The first time I tried orienteering, back in 2011, my two teammates and I found ourselves locked in a back-and-forth battle with another team. We were grown men, veterans of the national running team; they were 13-year-old girls.
It was a race called Raid the Hammer, featuring 37 checkpoints scattered throughout a conservation area near Hamilton. The organizers figured the best route would be about 25 kilometres long, but the actual distance you covered would depend on how well you navigated.
At each checkpoint, we would encounter the team of 13 year olds. Then we would plunge back into the forest, confident that our superior running speed would leave them in the dust – only to meet them again at the next checkpoint. We were fast, but they were crushing us on the navigation.
That memory bubbled to the surface when I read a recent study from researchers at McMaster University. They tested the effects of orienteering on brain function and memory, comparing it to plain old exercise at a similar intensity. The results, which were published in the journal PLoS One, add to a growing pile of evidence that engaging your brain while you work out can supercharge the cognitive benefits of exercise.
Exercise seems to boost brain health in different ways, both immediately and over the long term. For example, it triggers the production of brain-derived neurotrophic factor, or BDNF, which spurs the growth of new neurons in the hippocampus, a region of the brain associated with learning and memory.
That’s important because the hippocampus is shrinking by about half a per cent per year by the age of 55, and that shrinkage is associated with declines in learning, memory, and spatial thinking.
The McMaster researchers were looking for more immediate effects based on emerging ideas about the role of lactate. Traditionally, lactate – or, as it used to be referred to, lactic acid – was thought to be a “poison” that made your muscles burn during exercise. But scientists now believe that it functions as both a chemical signal and as a fuel for cells throughout the body, including brain cells.

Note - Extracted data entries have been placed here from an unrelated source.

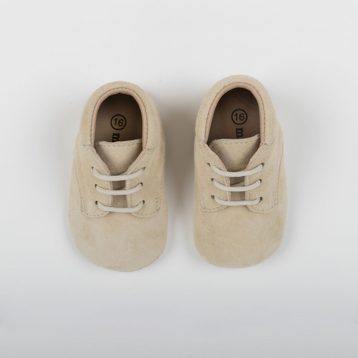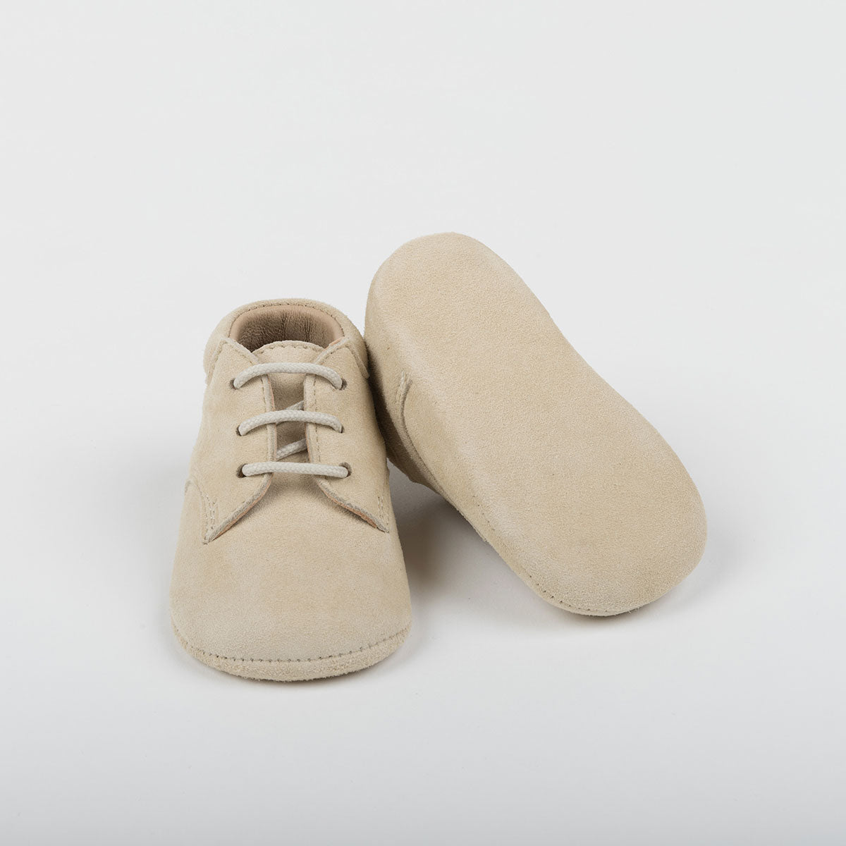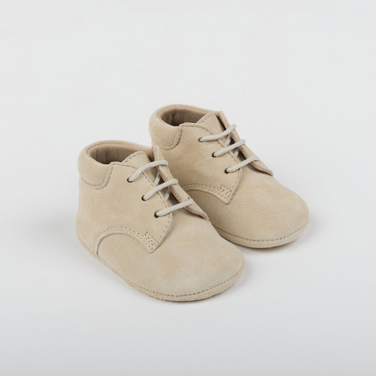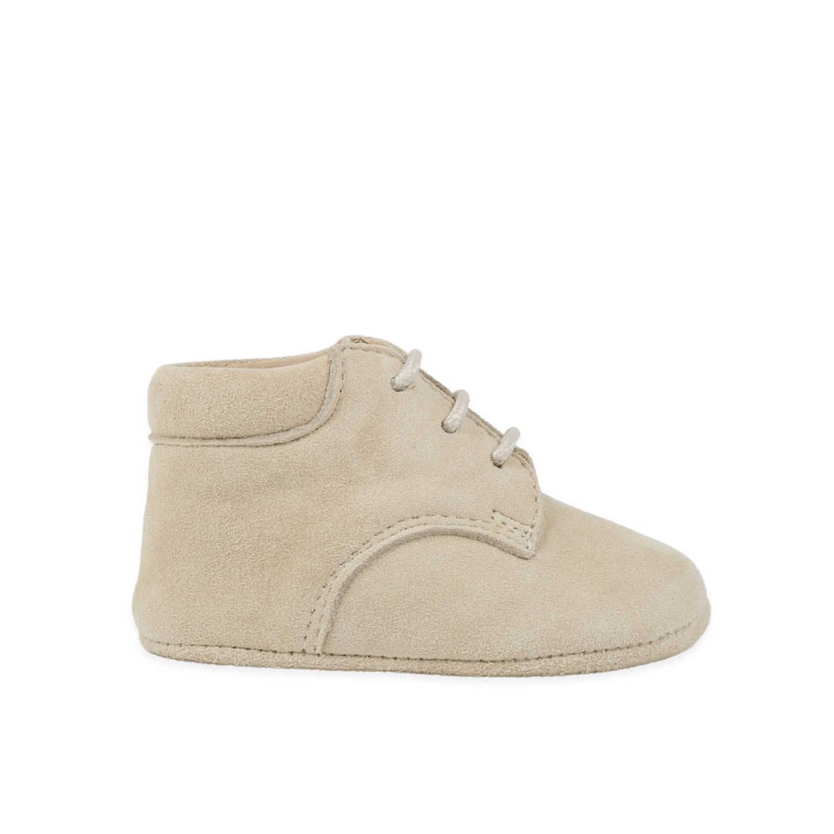 Bota de suave pele de camurça cor bege. Fecho com atacadores para maior fixação. Palmilha acolchoada e sola flexível de pele 100%. Pela sua flexibilidade e suavidade, é respeitosa com os pés e muito confortável, tornando-se numa segunda pele.
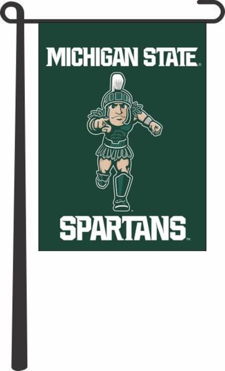 Product Details Product Details Upstage everyone else's garden and support the Spartans with this Michigan State Spartans 13X18 Inch Design Garden Flag. This Garden Flag features a team logo and is essential for any fan's yard. Flagpole not included. Go Spartans!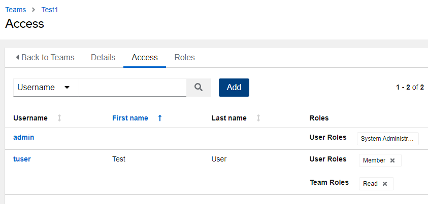 I’ll now add my test user to the group by clicking on the Access tab and clicking Add: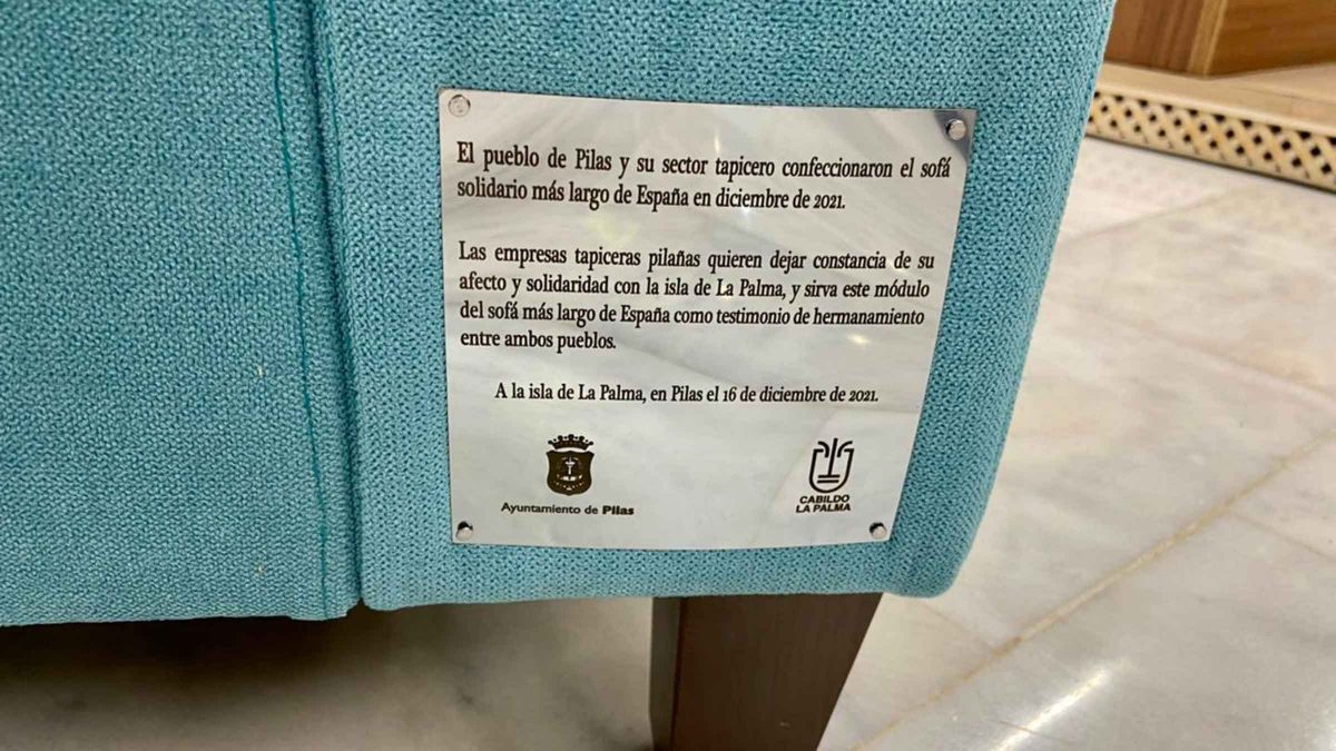 El próximo sábado 30 de abril, tendrá lugar a las 12 horas en las calles de Pilas la presentación y exposición del sofá solidario más grande de España, llamado no solo a batir récords (como mueble tapizado más grande construido en nuestro país hasta la fecha y como sofá en el que se sentarán más personas a la vez), sino también a cubrir necesidades básicas de los habitantes de la isla de La Palma que vieron sus viviendas asoladas por el volcán que entro en erupción el pasado mes de septiembre.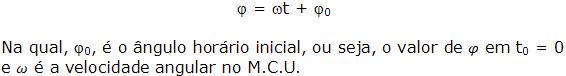 É importante lembrarmos que P faz o M.C.U, onde o ângulo horário é dado em função do tempo t através da expressão: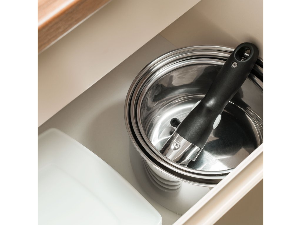 Uklonjiva ručka u kombinaciji s različitim veličinama lonaca ima još jednu prednost. Ova kombinacija omogućava stavljanje jednog lonca u drugi, tako da ih možete lako pohraniti i uštedjeti prostor u kuhinjskom ormariću.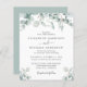 Elegante, preisgünstige Einladung zur Hochzeit mit Aquarellen aus Weiß-Eukalyptusgrün, stilvollem Drehbuch und weicher grauer Typografie.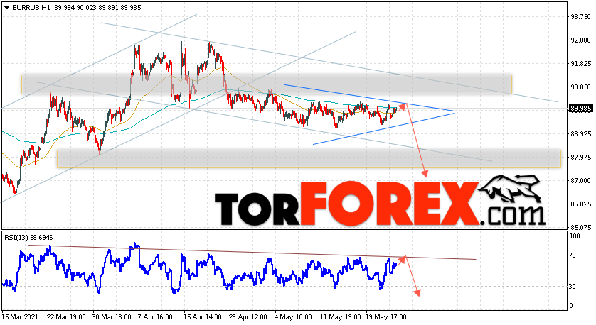 Дополнительным сигнальном в пользу снижения валютной пары EUR/RUB на Форекс выступит тест линии тренда на индикаторе относительной силы. Вторым сигналом станет отскок от верхней границы модели ”Треугольник”. Отменой варианта падения валютной пары EUR/RUB на Форекс 26 мая 2021 станет сильный рост и пробой уровня 90.85 Евро за Рубль. Это укажет на пробой области сопротивления и продолжение подъёма пары Евро Рубль в область выше уровня 94.65. Подтверждением падения валютной пары выступит пробой области поддержки и закрытие котировок инструмента под уровнем 88.65.

“We think that this is where lactate has its shining moment,” says Emma Waddington, the McMaster graduate student who led the new study along with Jennifer Heisz, who directs the university’s NeuroFit Lab.
The lactate you produce during hard exercise fuels your brain cells and also sends a signal to activate BDNF. The BDNF, in turn, facilitates “long-term potentiation,” which essentially means that the connections between any nerves that happen to be firing will be strengthened. That implies that what you do with your brain during exercise matters because those are the neural pathways that will be reinforced.
To test this idea, Waddington had 63 volunteers complete a 1.3-kilometre route in one of three conditions: walking, running, or running while navigating, i.e. orienteering. Before and after, they took blood tests to measure lactate and BDNF and administered a series of cognitive tests.
Sure enough, with or without navigation, running produced higher levels of lactate and BDNF than walking, and the volunteers with the highest lactate levels also had the highest BDNF levels. Running also produced better scores on one of the memory tests than walking. But only running with navigation produced better scores on a test of spatial memory. In other words, it was the specific brain circuits they’d used during the orienteering workout that got the biggest boost.
Waddington’s results fit with an emerging consensus that engaging your brain, rather than simply settling into autopilot, can offer some unique benefits. Last year, for example, a multicentre trial led by researchers at Western University found that a mix of aerobic exercise and cognitive training warded off cognitive decline more effectively than exercise alone.
As for that team of 13 year olds who put my orienteering skills to shame back in 2011, it turns out that one of them was Emma Waddington, who, in addition to being a brain science researcher, is now a regular on Canada’s national orienteering team. I don’t feel so bad any more.